O AMALIA foi concebido como um novo modelo de linguagem de grande escala, aberto e desenvolvido em Portugal, cuja primeira versão foi lançada publicamente em julho de 2026. O projeto resulta da colaboração de um consórcio de universidades públicas portuguesas, sob financiamento e coordenação operacional da Fundação para a Ciência e Tecnologia, I. P. (FCT, I. P.), e da Agência para a Reforma Tecnológica do Estado, I. P. (ARTE, I. P.), com fundos do Programa de Recuperação e Resiliência (PRR).

A continuação do projeto enquadra-se no eixo «Inovação e Adoção» da Agenda Nacional para a Inteligência Artificial, aprovada pela Resolução do Conselho de Ministros n.º 2/2026, de 8 de janeiro, e dá seguimento à Resolução do Conselho de Ministros n.º 201/2024, de 30 de dezembro, que previu o desenvolvimento inicial do modelo.

Objetivos e atividades da nova fase

A segunda fase do AMALIA prossegue três objetivos estratégicos:

  • Promover a eficiência da Administração Pública através da adoção de ferramentas de IA seguras, impulsionando a utilização no atendimento público;
  • Reforçar a soberania da língua portuguesa e dos dados nacionais, treinando o modelo com dados na língua portuguesa europeia de origem segura;
  • Promover o desenvolvimento científico e tecnológico nacional no domínio da IA, em articulação com entidades públicas e privadas, nacionais e estrangeiras.

Entre as atividades previstas contam-se a continuação do treino do modelo base (core), o desenvolvimento de ferramentas de agentificação para integração em processos internos da Administração Pública, o aperfeiçoamento nos casos de uso de Imagem e Fala e a expansão do domínio da Cultura. Neste último domínio colaboram a Cinemateca Portuguesa, o Património Cultural, I. P., a Museus e Monumentos de Portugal, E. P. E., a Direção-Geral do Livro, dos Arquivos e das Bibliotecas e a Biblioteca Nacional de Portugal.

Investimento e governação

O investimento total para executar as atividades é de 1 800 000 €, integralmente assegurado por verbas do PRR, sem recurso a reforço orçamental com dotações centralizadas do Ministério das Finanças. A ARTE, I. P. é responsável pelo financiamento e pela execução operacional, enquanto a FCT, I. P., ou a entidade que lhe suceder nos termos do Decreto-Lei n.º 132/2025, de 24 de dezembro, assegura a operacionalização em conjunto.

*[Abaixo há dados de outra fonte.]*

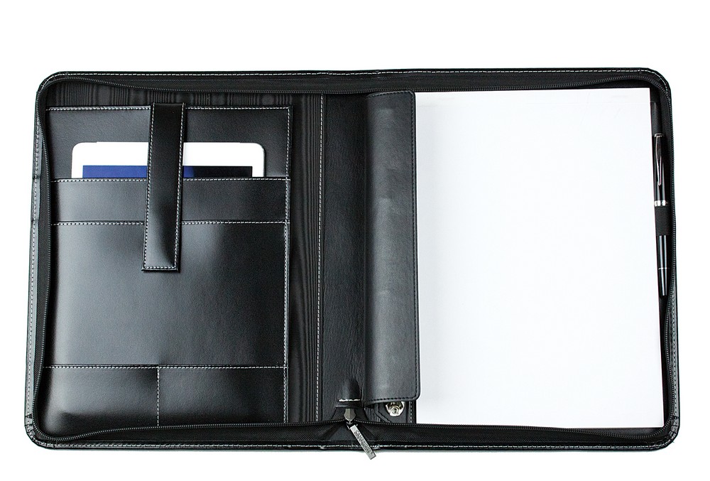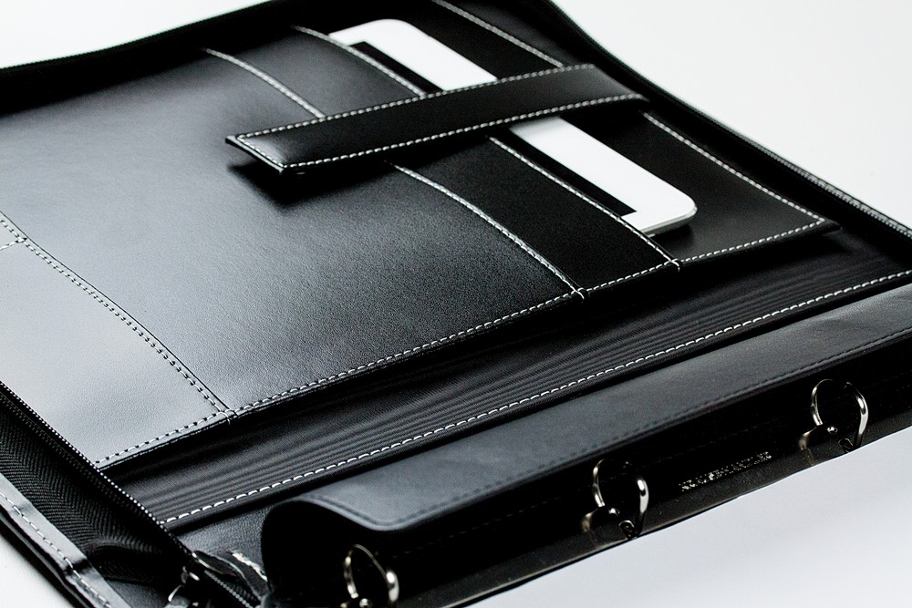 Manager-Ringbuch DIN A4 mit Tablet Computer Fach in CAMBRIDGE Top Grain Rindleder schwarz

A infraestrutura computacional apoia-se no supercomputador Deucalion, na participação nacional no supercomputador Marenostrum-5 e na Fábrica de Inteligência Artificial «BSC AI Factory». O Comité de Acompanhamento Especializado, criado pela resolução de 2024, mantém-se em funções com mandato prorrogado até 31 de dezembro de 2029, e o desenvolvimento do AMALIA prossegue em 2027, em calendário a definir por despacho dos membros do Governo responsáveis pelas áreas das finanças, da reforma do Estado e da ciência e inovação.

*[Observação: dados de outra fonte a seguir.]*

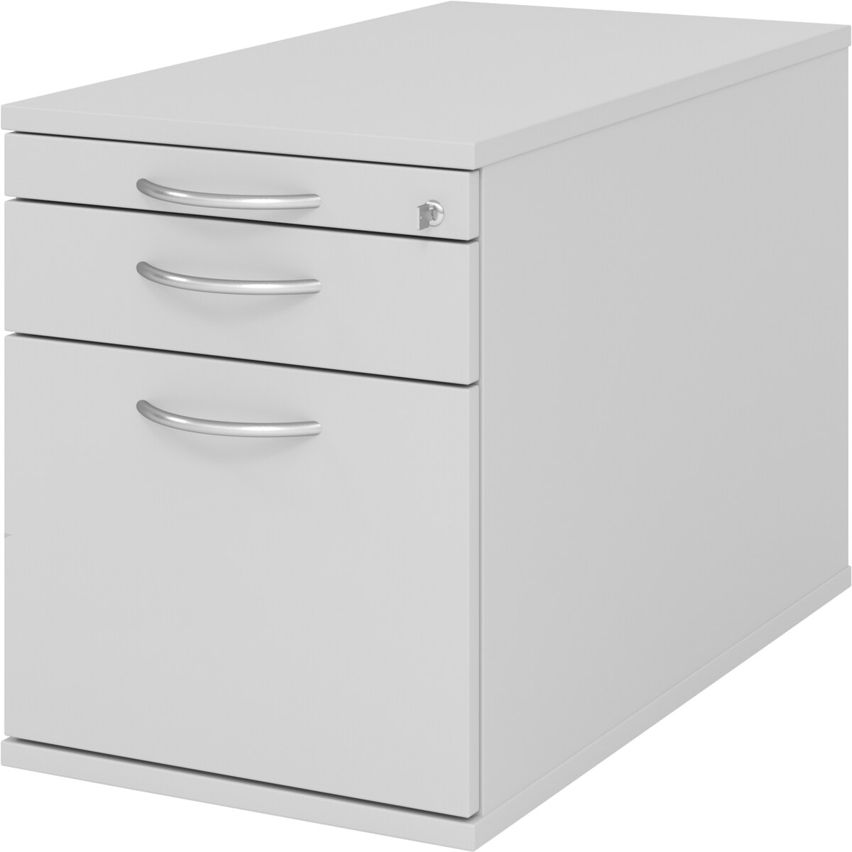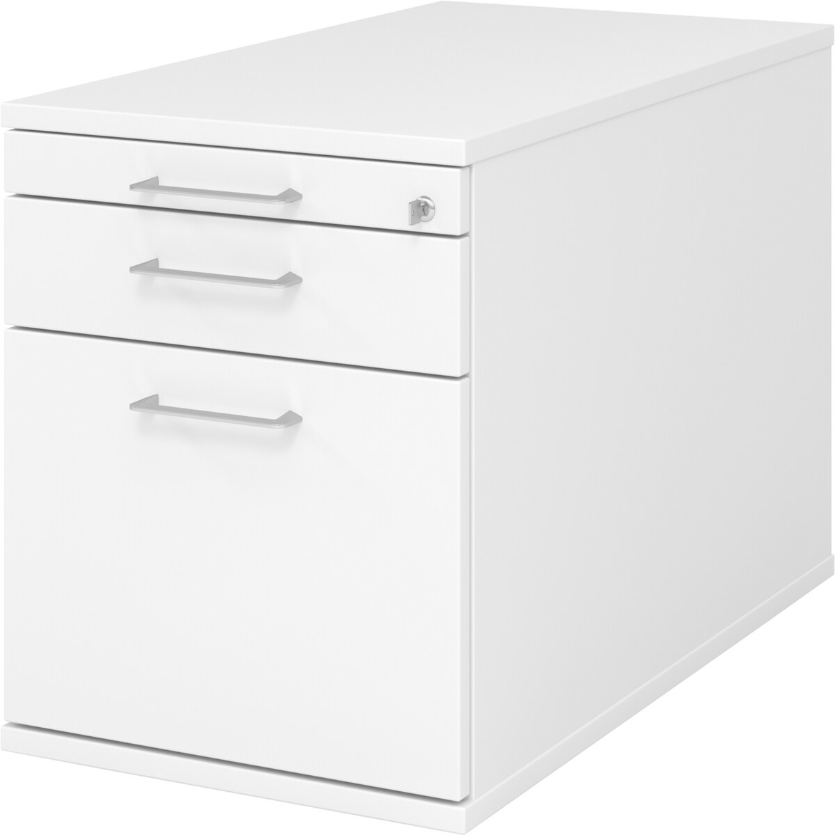 bümö Rollcontainer mit Hängeregister für Hängeordner, Container abschließbar in weiß - Rollwagen mit Hängeregistratur als Schreibtisch Unterschrank

Relevância para os cidadãos

Com esta resolução, Portugal consolida a aposta na soberania tecnológica e na adoção de inteligência artificial na Administração Pública, garantindo que o modelo é treinado com dados nacionais e em língua portuguesa. A disseminação do AMALIA pelas entidades públicas deverá traduzir-se em serviços mais eficientes e próximos dos cidadãos, num contexto de reforço do ecossistema nacional de IA.


Fonte: Diário da República, 1.ª série, n.º 179, 15 de setembro de 2026, pág. 1 (referência oficial: Resolução do Conselho de Ministros n.º 178/2026).